-------- Recorded data

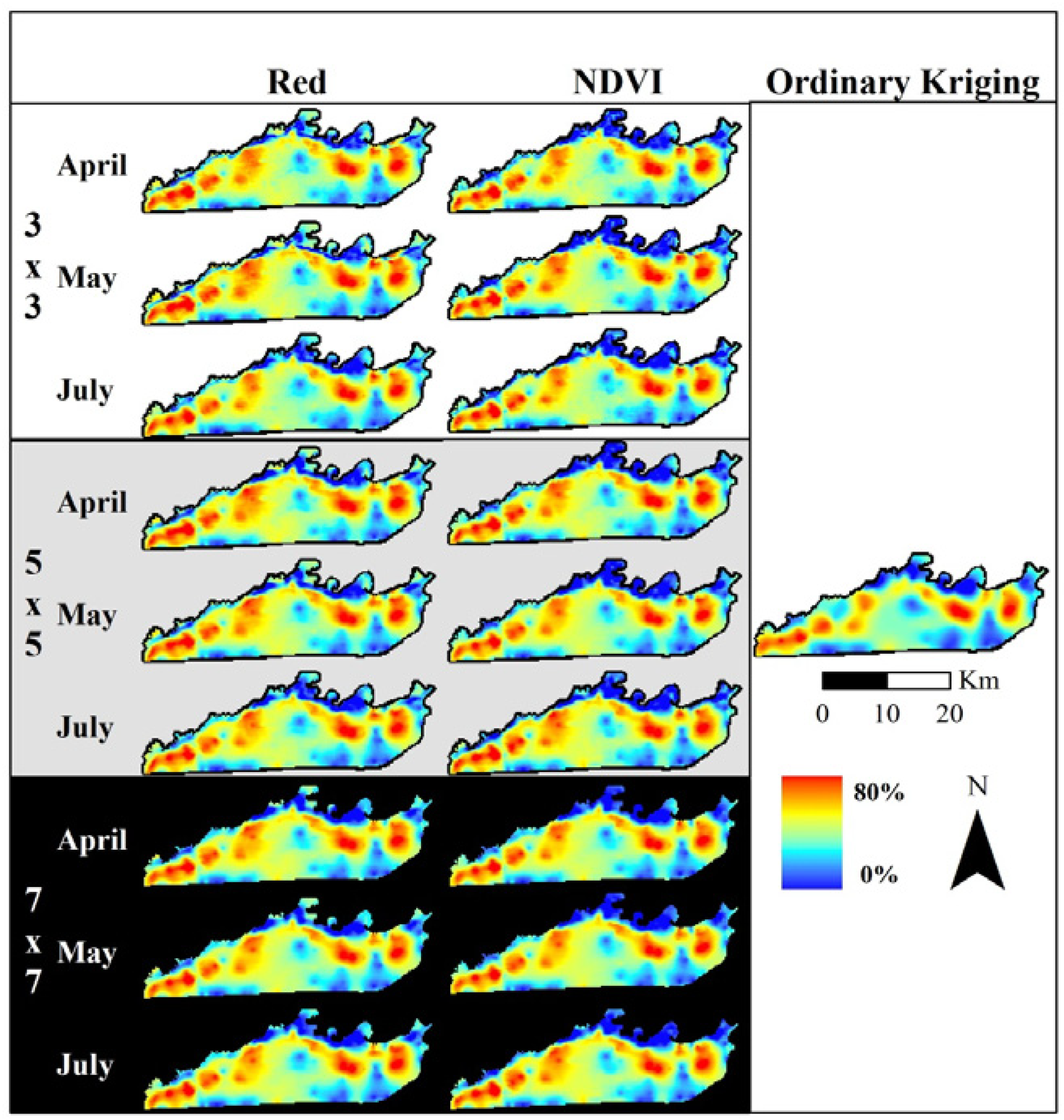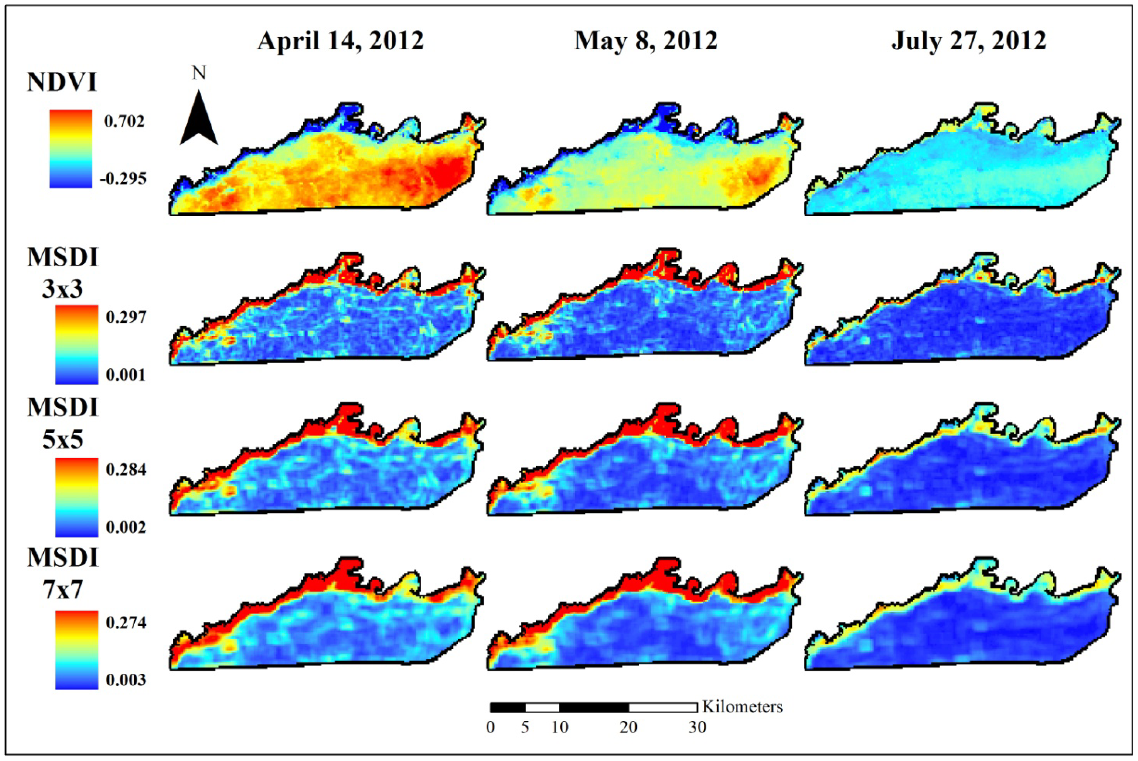 Normalized difference vegetation index (NDVI) data used to assess elephant utilization of vegetation along the Chobe riverfront, Chobe National Park, Botswana. The top row shows the base images for the three dates assessed in this project. Subsequent rows show the Moving Standard Deviation Index (MSDI) values calculated using 3 × 3-, 5 × 5-, and 7 × 7-pixel moving windows, respectively. These indices are unitless. NDVI ranges from −1 to +1 while the MSDI has a minimum value of zero and a maximum determined by the data.
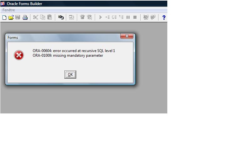 I am getting the error ora-00604 and ora-01009 when I try to connect from Forms builder 10g.
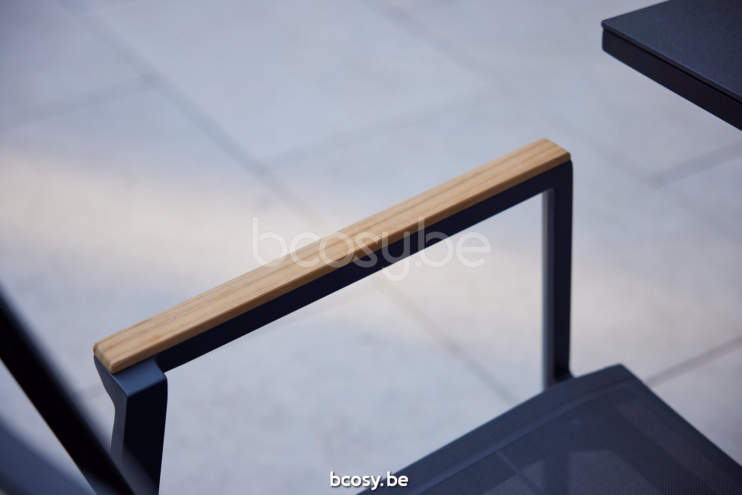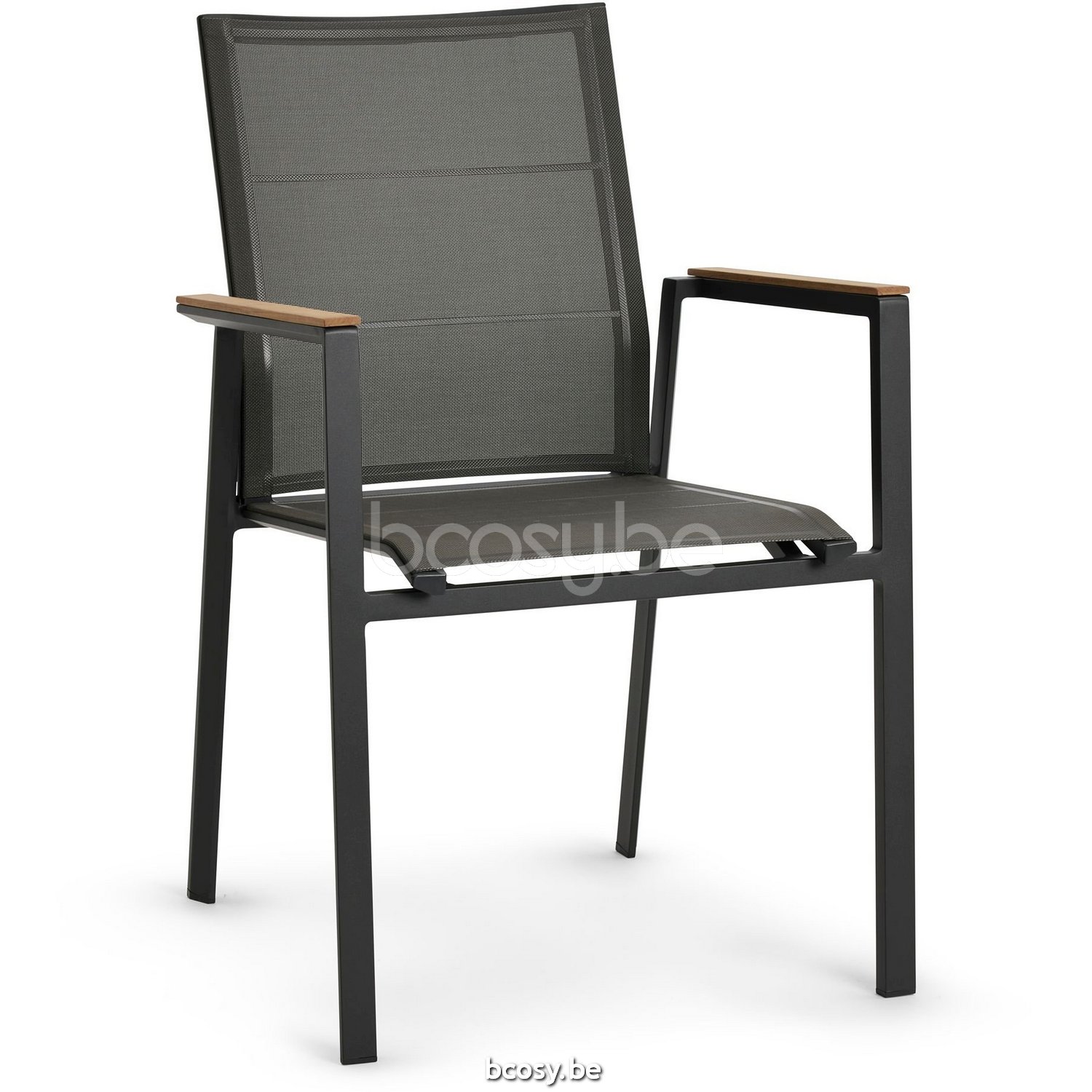 Français: Diphano Selecta Chaise de jardin empilable avec accoudoir en teck Cadre Aluminium Lava Tissu Couche unique Batyline Cafe Accoudoirs en Teck naturel (333 /pc)

----------------

Exercise objective:
Write out the material above precisely, leaving each picture behind.

Result of this task:
 Normalized difference vegetation index (NDVI) data used to assess elephant utilization of vegetation along the Chobe riverfront, Chobe National Park, Botswana. The top row shows the base images for the three dates assessed in this project. Subsequent rows show the Moving Standard Deviation Index (MSDI) values calculated using 3 × 3-, 5 × 5-, and 7 × 7-pixel moving windows, respectively. These indices are unitless. NDVI ranges from −1 to +1 while the MSDI has a minimum value of zero and a maximum determined by the data.
 I am getting the error ora-00604 and ora-01009 when I try to connect from Forms builder 10g.
 Français: Diphano Selecta Chaise de jardin empilable avec accoudoir en teck Cadre Aluminium Lava Tissu Couche unique Batyline Cafe Accoudoirs en Teck naturel (333 /pc)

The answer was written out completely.